As organizations grapple with how to effectively manage ever voluminous and varied reservoirs of big data, data lakes are increasingly viewed as a smart approach. However, while the model can deliver the flexibility and scalability lacking in traditional enterprise data management architectures, data lakes also introduce a fresh set of integration and governance challenges that can impede success.
The power and potential of data lakes
Born from the rise of the cloud and big data technologies like Hadoop, data lakes provide a way for organizations to cost-effectively store nearly limitless amounts of structured and unstructured data from myriad sources without regard to how that data might be leveraged in the future. By its very nature and through self-service business intelligence capabilities, a data lake also encourages experimentation and data exploration by a broader set of non-business analyst users. According to a survey conducted by TDWI Research, 85 percent of respondents considered the data lake an opportunity to address the challenges they face trying to manage the data deluge with traditional relational databases. Moreover, the TDWI survey found the data lake being pursued for a variety of benefits and use cases, the most prominent being advanced analytics (49 percent) and data discovery (49 percent).
Despite the power and potential of the technology, organizations are likely to bump up against entirely new data management and data integration headaches if they approach data lakes without a cohesive and well-planned strategy. Traditional data integration solutions, including enterprise service bus (ESB), extract, transform, and load (ETL) tools, and custom code aren’t able to manage the volume and variation of structured and non-structured data nor are they able to work effectively with schema-less data storage or handle real-time data streams. With those caveats in mind, adhering to the following best practices can ensure a smoother data lake roll out and more effective migration and integration plan:
Embrace data governance. Yes, the data lake is flexible and unstructured, but without attention to formal governance practices, it can rapidly turn into a hard-to-navigate, impossible-to-manage data swamp. What’s crucial is to establish controls via policy-based data governance, helped along by a qualified data steward, as well as to enforce a metadata requirement, which will ensure users can find data and optimize queries. Designing for automated metadata creation is one way to ensure consistency and accuracy.

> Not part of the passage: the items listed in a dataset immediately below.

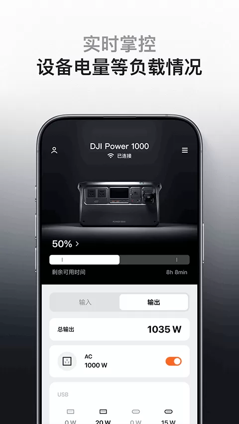 设备连接仅需蓝牙或Wi-Fi,步骤简单。一旦连接成功,您就可以在APP上实时监控诸如DJI Power户外电源的剩余电量、储能状态,或是DJI ROMO扫地机器人的清洁进度、水箱水量等关键信息,一切尽在掌握。
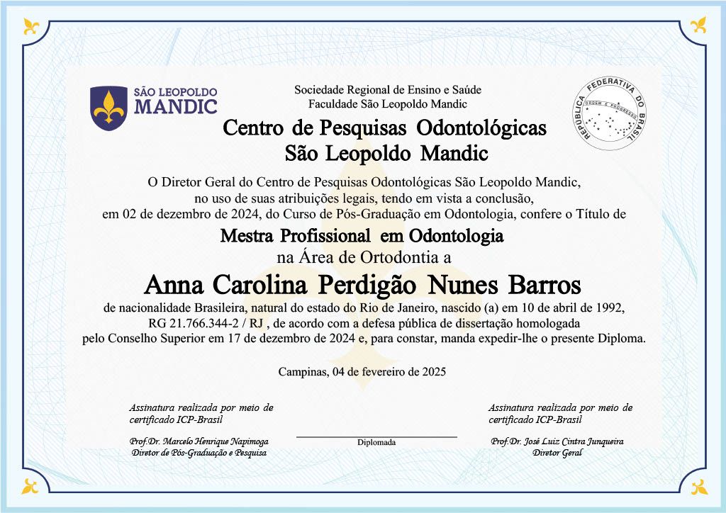 Graduada em Odontologia e possui especialização em Ortodontia, área na qual também concluiu seu Mestrado.
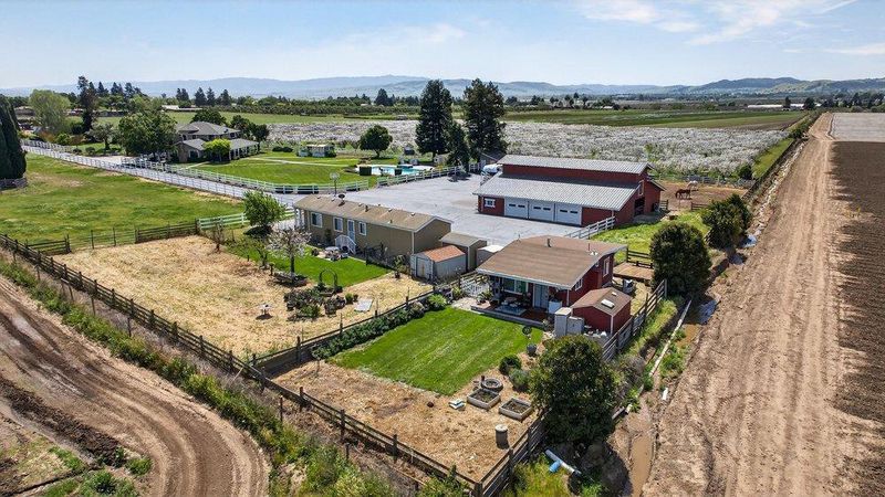 Welcome to the Lazy K Ranch! Your private sanctuary, hobbyist's playground. Discover a rare opportunity to own a breathtaking 11.54-acre estate in Gilroy's scenic countryside. Boasting 360-degree views, this 4,200 sq ft main home features 4 beds (5th option), 2 full and 2 1/2 baths, an updated kitchen, premium flooring, new copper plumbing, and an attached 2-car garage (+3 detached). Ideal for an active family, multigenerational living, or investors, this property could offer income potential as an added value. Two charming guest houses with private yards, a 495 sq ft 1-bed/1-bath Cottage and a 925 sq ft 2-bed/1-bath home. Agritourism: A popular and beloved 7.23-acre U-Pick organic cherry orchard backed by a new 400 ft Ag well. Equestrian & Hobby Barn: Versatile huge space with fenced paddocks, breezeway, loft, room for 5 stalls or ample storage, 2 workshops, and 3 garage bays. Limitless Space: Expansive paved parking for multiple RVs, trailers, and equipment. Experience private and peaceful rural living, beautiful views, and abundant potential for diverse revenue streams, all just minutes from Caltrain for an easy Silicon Valley commute. True pride of ownership shines throughout this remarkable property! Contact your agent today for a showing!

Build on governance with zones. Data in a data lake can be logically or physically separated by function, which can help keep the environment organized. While there are lots of approaches to this strategy, some experts suggest maintaining a zone for short-lived data before it’s ingested, another for raw data such as sensor data or weblogs, and then trusted zones of data that have gone through quality routines and validation, thus can become the source for other downstream systems.

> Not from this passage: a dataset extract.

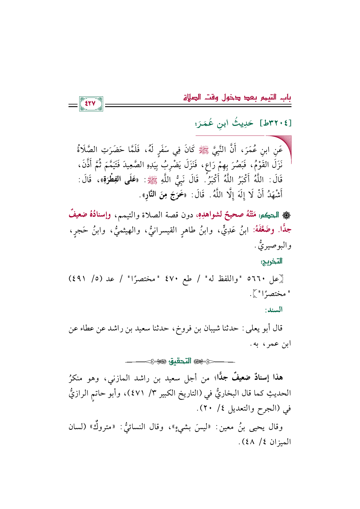 وقال يحيى بنُ معين: "ليسَ بشيءٍ"، وقال النسائيُّ: "متروكٌ" (لسان الميزان ٤/ ٤٨).

Evaluate more modern integration methods. Existing data integration solution like ESBs and ETL tools can’t accommodate the unique needs of a data lake, including the need to import and export data in real time and to work with unstructured data, which is often changing at a precipitous pace. In comparison, new data integration approaches are purpose-built to work with large amounts of data without a native hierarchical structure and many offer pre-built connectors that empower “citizen developers” to handle some of this work without reliance on IT.
Staff up accordingly. It’s hard enough to find qualified data warehouse experts or business intelligence analysts, but big data and the accompanying analytics requirements kick the skill set level up a notch. Given the relative newness of technologies like Hadoop most organizations don’t have trained specialists in that discipline or in other relevant competencies such as data flow technologies like Flume and Spark. To ensure the right mix of talent is in place, IT organizations should identify high performing individuals who can be trained in some of these emerging skill sets as well as bring in outside contract experts when and wherever appropriate.n
Data lakes can help organizations make good on the promises of big data analytics for unearthing insights and driving data-driven innovation. Yet the new model requires adherence to governance and new integration practices to ensure the journey is smooth, not swampy.